▶ **Supplied information**
◆ ◆ ◆ ◆

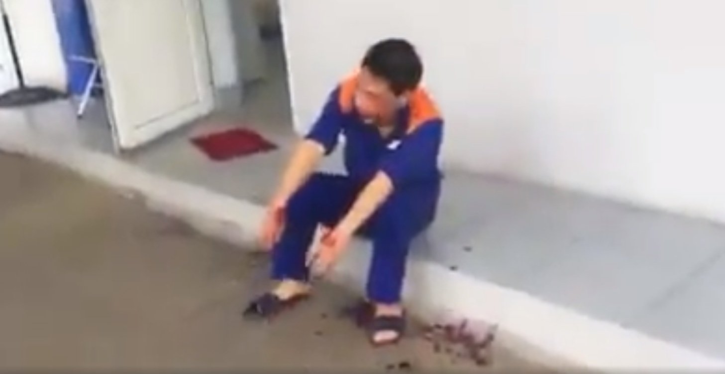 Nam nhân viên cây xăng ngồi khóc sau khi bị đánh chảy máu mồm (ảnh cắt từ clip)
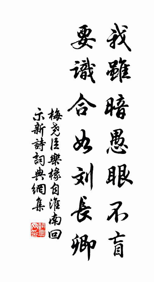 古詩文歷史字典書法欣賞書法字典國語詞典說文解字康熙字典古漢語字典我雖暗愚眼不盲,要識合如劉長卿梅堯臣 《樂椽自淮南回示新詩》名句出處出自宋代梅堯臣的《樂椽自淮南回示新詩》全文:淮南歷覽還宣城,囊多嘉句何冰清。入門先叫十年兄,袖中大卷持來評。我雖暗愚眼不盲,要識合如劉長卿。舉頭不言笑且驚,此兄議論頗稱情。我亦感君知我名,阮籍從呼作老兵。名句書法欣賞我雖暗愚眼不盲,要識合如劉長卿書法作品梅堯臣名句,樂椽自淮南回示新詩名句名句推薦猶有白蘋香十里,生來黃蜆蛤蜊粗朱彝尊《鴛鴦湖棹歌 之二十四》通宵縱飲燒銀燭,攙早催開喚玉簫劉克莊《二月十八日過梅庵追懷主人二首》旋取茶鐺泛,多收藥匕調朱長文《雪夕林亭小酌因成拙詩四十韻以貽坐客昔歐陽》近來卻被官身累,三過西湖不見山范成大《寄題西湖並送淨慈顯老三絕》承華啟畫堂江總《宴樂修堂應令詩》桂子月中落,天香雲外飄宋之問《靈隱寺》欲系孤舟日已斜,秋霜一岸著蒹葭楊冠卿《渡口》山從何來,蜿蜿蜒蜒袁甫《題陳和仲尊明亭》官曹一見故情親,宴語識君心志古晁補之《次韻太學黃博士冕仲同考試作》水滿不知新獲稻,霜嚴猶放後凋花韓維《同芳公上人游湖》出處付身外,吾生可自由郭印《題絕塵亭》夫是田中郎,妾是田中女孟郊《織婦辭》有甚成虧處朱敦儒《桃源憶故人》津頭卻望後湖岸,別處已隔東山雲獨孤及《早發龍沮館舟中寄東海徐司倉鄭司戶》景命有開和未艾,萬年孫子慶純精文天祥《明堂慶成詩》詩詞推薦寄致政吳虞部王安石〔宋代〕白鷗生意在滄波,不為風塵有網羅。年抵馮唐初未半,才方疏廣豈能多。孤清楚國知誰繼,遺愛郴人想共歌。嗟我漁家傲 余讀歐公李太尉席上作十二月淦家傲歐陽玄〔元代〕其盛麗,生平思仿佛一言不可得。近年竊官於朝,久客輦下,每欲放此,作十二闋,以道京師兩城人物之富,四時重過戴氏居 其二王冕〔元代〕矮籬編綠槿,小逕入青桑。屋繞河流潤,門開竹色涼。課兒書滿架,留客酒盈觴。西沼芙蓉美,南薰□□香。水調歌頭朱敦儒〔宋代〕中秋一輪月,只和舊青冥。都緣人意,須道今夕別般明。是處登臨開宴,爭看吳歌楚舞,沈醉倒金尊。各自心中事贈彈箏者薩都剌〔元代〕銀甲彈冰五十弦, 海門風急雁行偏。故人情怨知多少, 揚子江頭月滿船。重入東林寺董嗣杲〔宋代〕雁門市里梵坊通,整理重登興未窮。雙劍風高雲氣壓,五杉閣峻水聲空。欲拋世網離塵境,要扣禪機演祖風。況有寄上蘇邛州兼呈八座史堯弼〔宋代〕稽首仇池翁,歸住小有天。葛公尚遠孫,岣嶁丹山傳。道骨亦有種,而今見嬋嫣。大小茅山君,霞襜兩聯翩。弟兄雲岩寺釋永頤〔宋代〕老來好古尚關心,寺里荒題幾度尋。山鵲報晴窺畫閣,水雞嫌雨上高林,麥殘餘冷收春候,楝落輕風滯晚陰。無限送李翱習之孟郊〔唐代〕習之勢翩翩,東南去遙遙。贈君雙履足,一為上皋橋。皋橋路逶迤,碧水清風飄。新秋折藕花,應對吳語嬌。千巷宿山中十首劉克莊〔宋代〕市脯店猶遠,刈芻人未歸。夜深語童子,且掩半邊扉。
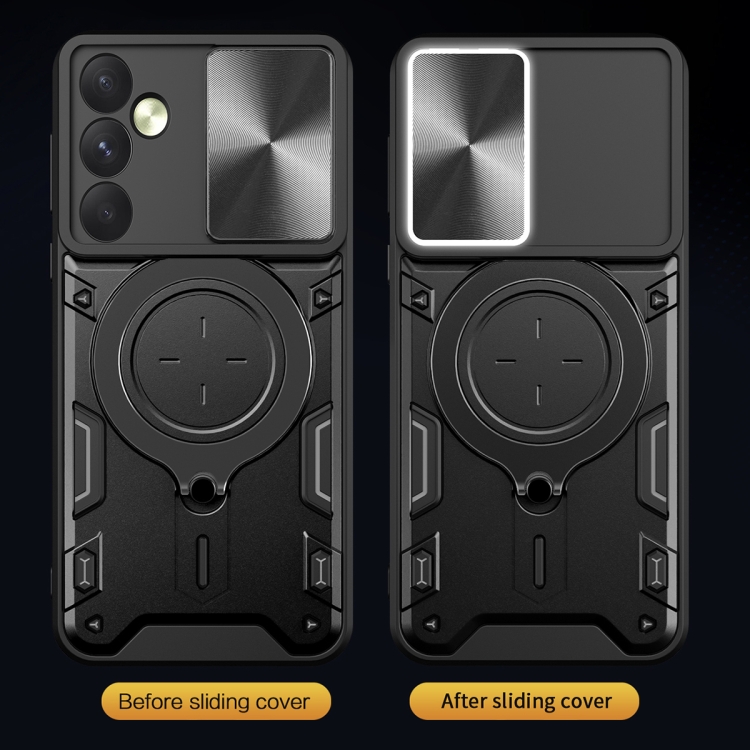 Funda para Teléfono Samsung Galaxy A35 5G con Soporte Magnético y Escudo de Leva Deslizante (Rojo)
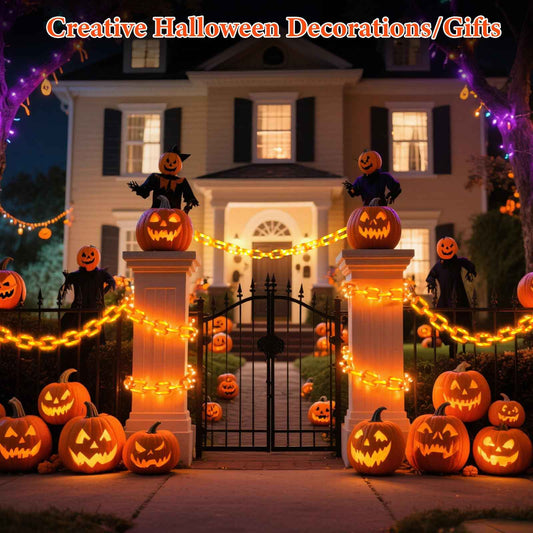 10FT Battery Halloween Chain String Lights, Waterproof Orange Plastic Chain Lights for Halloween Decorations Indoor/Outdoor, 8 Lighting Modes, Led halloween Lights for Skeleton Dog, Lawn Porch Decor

◆ ◆ ◆ ◆

▶ **Activity**
Write the data out again word for word; leave the pictures behind.

▶ **Exercise result**
 Nam nhân viên cây xăng ngồi khóc sau khi bị đánh chảy máu mồm (ảnh cắt từ clip)
 古詩文歷史字典書法欣賞書法字典國語詞典說文解字康熙字典古漢語字典我雖暗愚眼不盲,要識合如劉長卿梅堯臣 《樂椽自淮南回示新詩》名句出處出自宋代梅堯臣的《樂椽自淮南回示新詩》全文:淮南歷覽還宣城,囊多嘉句何冰清。入門先叫十年兄,袖中大卷持來評。我雖暗愚眼不盲,要識合如劉長卿。舉頭不言笑且驚,此兄議論頗稱情。我亦感君知我名,阮籍從呼作老兵。名句書法欣賞我雖暗愚眼不盲,要識合如劉長卿書法作品梅堯臣名句,樂椽自淮南回示新詩名句名句推薦猶有白蘋香十里,生來黃蜆蛤蜊粗朱彝尊《鴛鴦湖棹歌 之二十四》通宵縱飲燒銀燭,攙早催開喚玉簫劉克莊《二月十八日過梅庵追懷主人二首》旋取茶鐺泛,多收藥匕調朱長文《雪夕林亭小酌因成拙詩四十韻以貽坐客昔歐陽》近來卻被官身累,三過西湖不見山范成大《寄題西湖並送淨慈顯老三絕》承華啟畫堂江總《宴樂修堂應令詩》桂子月中落,天香雲外飄宋之問《靈隱寺》欲系孤舟日已斜,秋霜一岸著蒹葭楊冠卿《渡口》山從何來,蜿蜿蜒蜒袁甫《題陳和仲尊明亭》官曹一見故情親,宴語識君心志古晁補之《次韻太學黃博士冕仲同考試作》水滿不知新獲稻,霜嚴猶放後凋花韓維《同芳公上人游湖》出處付身外,吾生可自由郭印《題絕塵亭》夫是田中郎,妾是田中女孟郊《織婦辭》有甚成虧處朱敦儒《桃源憶故人》津頭卻望後湖岸,別處已隔東山雲獨孤及《早發龍沮館舟中寄東海徐司倉鄭司戶》景命有開和未艾,萬年孫子慶純精文天祥《明堂慶成詩》詩詞推薦寄致政吳虞部王安石〔宋代〕白鷗生意在滄波,不為風塵有網羅。年抵馮唐初未半,才方疏廣豈能多。孤清楚國知誰繼,遺愛郴人想共歌。嗟我漁家傲 余讀歐公李太尉席上作十二月淦家傲歐陽玄〔元代〕其盛麗,生平思仿佛一言不可得。近年竊官於朝,久客輦下,每欲放此,作十二闋,以道京師兩城人物之富,四時重過戴氏居 其二王冕〔元代〕矮籬編綠槿,小逕入青桑。屋繞河流潤,門開竹色涼。課兒書滿架,留客酒盈觴。西沼芙蓉美,南薰□□香。水調歌頭朱敦儒〔宋代〕中秋一輪月,只和舊青冥。都緣人意,須道今夕別般明。是處登臨開宴,爭看吳歌楚舞,沈醉倒金尊。各自心中事贈彈箏者薩都剌〔元代〕銀甲彈冰五十弦, 海門風急雁行偏。故人情怨知多少, 揚子江頭月滿船。重入東林寺董嗣杲〔宋代〕雁門市里梵坊通,整理重登興未窮。雙劍風高雲氣壓,五杉閣峻水聲空。欲拋世網離塵境,要扣禪機演祖風。況有寄上蘇邛州兼呈八座史堯弼〔宋代〕稽首仇池翁,歸住小有天。葛公尚遠孫,岣嶁丹山傳。道骨亦有種,而今見嬋嫣。大小茅山君,霞襜兩聯翩。弟兄雲岩寺釋永頤〔宋代〕老來好古尚關心,寺里荒題幾度尋。山鵲報晴窺畫閣,水雞嫌雨上高林,麥殘餘冷收春候,楝落輕風滯晚陰。無限送李翱習之孟郊〔唐代〕習之勢翩翩,東南去遙遙。贈君雙履足,一為上皋橋。皋橋路逶迤,碧水清風飄。新秋折藕花,應對吳語嬌。千巷宿山中十首劉克莊〔宋代〕市脯店猶遠,刈芻人未歸。夜深語童子,且掩半邊扉。
 Funda para Teléfono Samsung Galaxy A35 5G con Soporte Magnético y Escudo de Leva Deslizante (Rojo)
 10FT Battery Halloween Chain String Lights, Waterproof Orange Plastic Chain Lights for Halloween Decorations Indoor/Outdoor, 8 Lighting Modes, Led halloween Lights for Skeleton Dog, Lawn Porch Decor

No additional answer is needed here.